Vitamin D speeds up the clearance of tuberculosis (TB) bacteria from the lungs of people with multi-drug resistant TB, according to a study of 1,850 patients receiving antibiotic treatment. Lead researcher Professor Adrian Martineau from Queen Mary University of London said: “Multi-drug resistant TB is on the rise globally. It’s notoriously difficult to treat, and it carries a much worse prognosis than standard TB.
“Our study raises the possibility that vitamin D – which is very safe and inexpensive – could benefit this hard-to-treat group of patients by taking a novel approach to their treatment. By adding vitamin D to antibiotic treatment, we can boost the immune system to help the body to clear TB bugs, rather than relying on antibiotics on their own to kill the bacteria directly.
“This is a novel approach, as it contrasts with the conventional tactic of developing new antibiotics in an attempt to ‘keep up’ with the emergence of drug-resistant bacteria – an arms race that is proving hard for us to win.”
The World Health Organisation estimates that 10m people developed active tuberculosis in 2017, and that 1.6m people died of this disease. Multi-drug resistant (MDR) TB is caused by bacteria that are resistant to treatment with at least two of the most powerful first-line anti-TB drugs, causing around 500,000 cases and 150,000 deaths per year worldwide. Existing antibiotic treatments for MDR TB are lengthy, costly and often toxic due to their serious side effects.
Vitamin D has shown potential in boosting the immune system, but randomised controlled trials of vitamin D in TB treatment have yielded conflicting results.
In the study, the research team pooled data from 1,850 TB patients who took part in clinical trials of vitamin D in eight countries (the UK, Pakistan, Bangladesh, India, Indonesia, Mongolia, Republic of Georgia and Guinea Bissau). They then ran an analysis to see whether there were particular groups of patients who responded better to vitamin D than others.
When added to antibiotic treatment, vitamin D was found to accelerate TB clearance specifically in patients with MDR TB, even though no acceleration of TB clearance was seen when looking at the entire study population as a whole. The vitamin D supplementation was also found to be safe at the doses administered, with no links to serious adverse events.
The researchers say these results illustrate the potential for so-called ‘host-directed therapies’ – treatments that boost the immune system – to improve outcomes in patients with drug-resistant bacterial infections.
The researchers caution that the analysis is not sufficient on its own to justify a clinical recommendation of the use of vitamin D in the treatment of MDR TB, as it is based on a relatively small number of participants. However, they say these results now provide a rationale to carry out new clinical trials to see if vitamin D really can benefit patients who are taking standard antibiotics for MDR TB.
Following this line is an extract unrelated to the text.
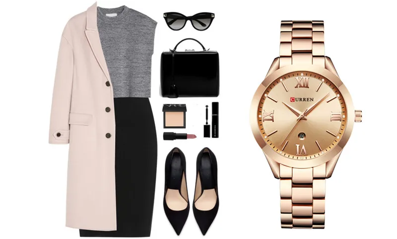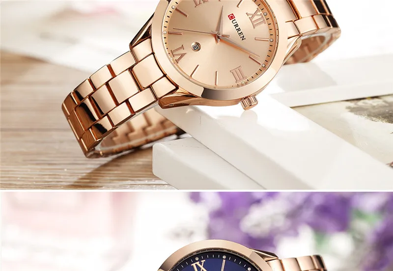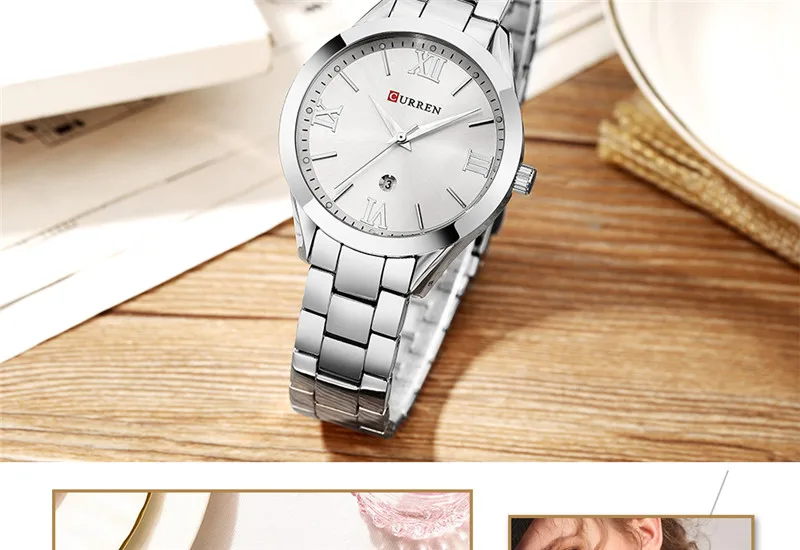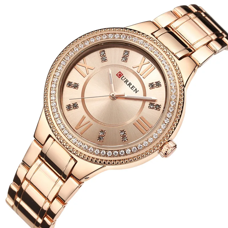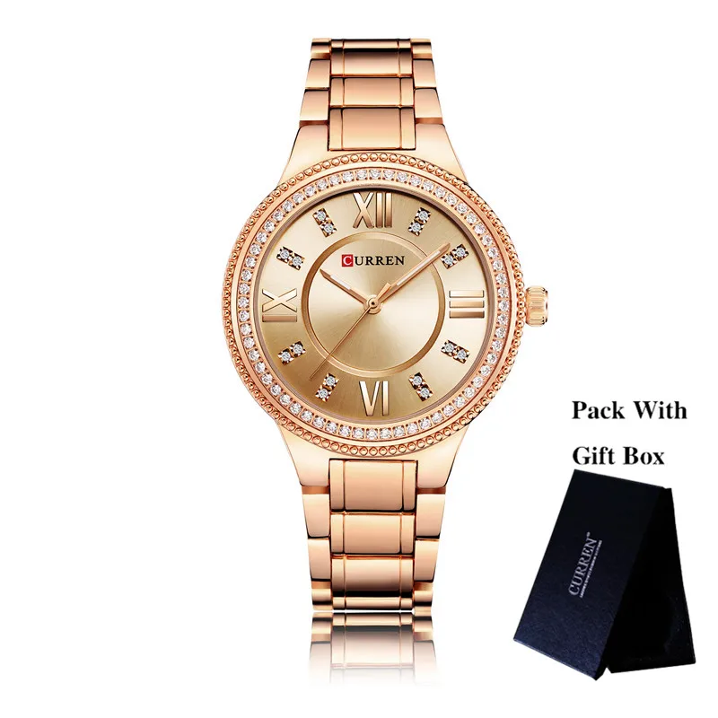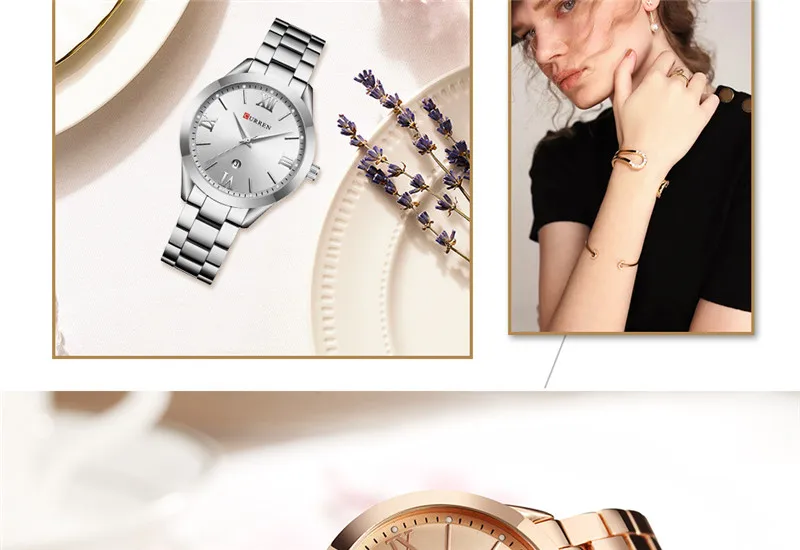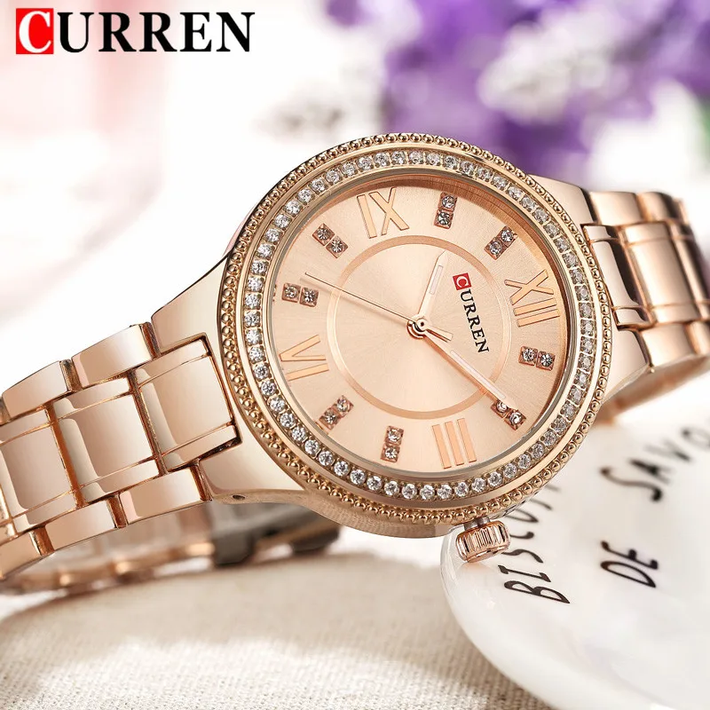 Часы CURREN женские наручные, модные брендовые роскошные классические повседневные с браслетом из нержавеющей стали, 9004

The findings add to a growing list of health benefits for the ‘sunshine vitamin’. While vitamin D is best known for its effects on bone health, previous studies by Queen Mary researchers have revealed its role in protecting against colds, flu, asthma attacks, and last month, that it can protect COPD patients from deadly lung attacks.
Background: Randomised controlled trials (RCTs) of adjunctive vitamin D in pulmonary tuberculosis (PTB) treatment have yielded conflicting results. Individual participant data (IPD) meta-analysis could identify factors explaining this variation.
Methods: We meta-analysed IPD from RCTs of vitamin D in patients receiving antimicrobial therapy for PTB. Primary outcome was time to sputum culture conversion. Secondary outcomes were time to sputum smear conversion, mean 8-week weight and incidence of adverse events. Pre-specified sub-group analyses were done according to baseline vitamin D status, age, sex, drug-susceptibility, HIV status, extent of disease, and vitamin D receptor genotype.
Results: IPD were obtained for 1850 participants in 8 studies. Vitamin D did not influence time to sputum culture conversion overall (aHR 1.06, 95% CI 0.91–1.23), but it did accelerate sputum culture conversion in participants with multidrug-resistant PTB (aHR 13.44, 95% CI 2.96–60.90); no such effect was seen in those whose isolate was sensitive to rifampicin and/or isoniazid (aHR 1.02, 95% CI 0.88–1.19; Pinteraction=0.02). Vitamin D accelerated sputum smear conversion overall (aHR 1.15, 95% CI 1.01–1.31), but did not influence other secondary outcomes.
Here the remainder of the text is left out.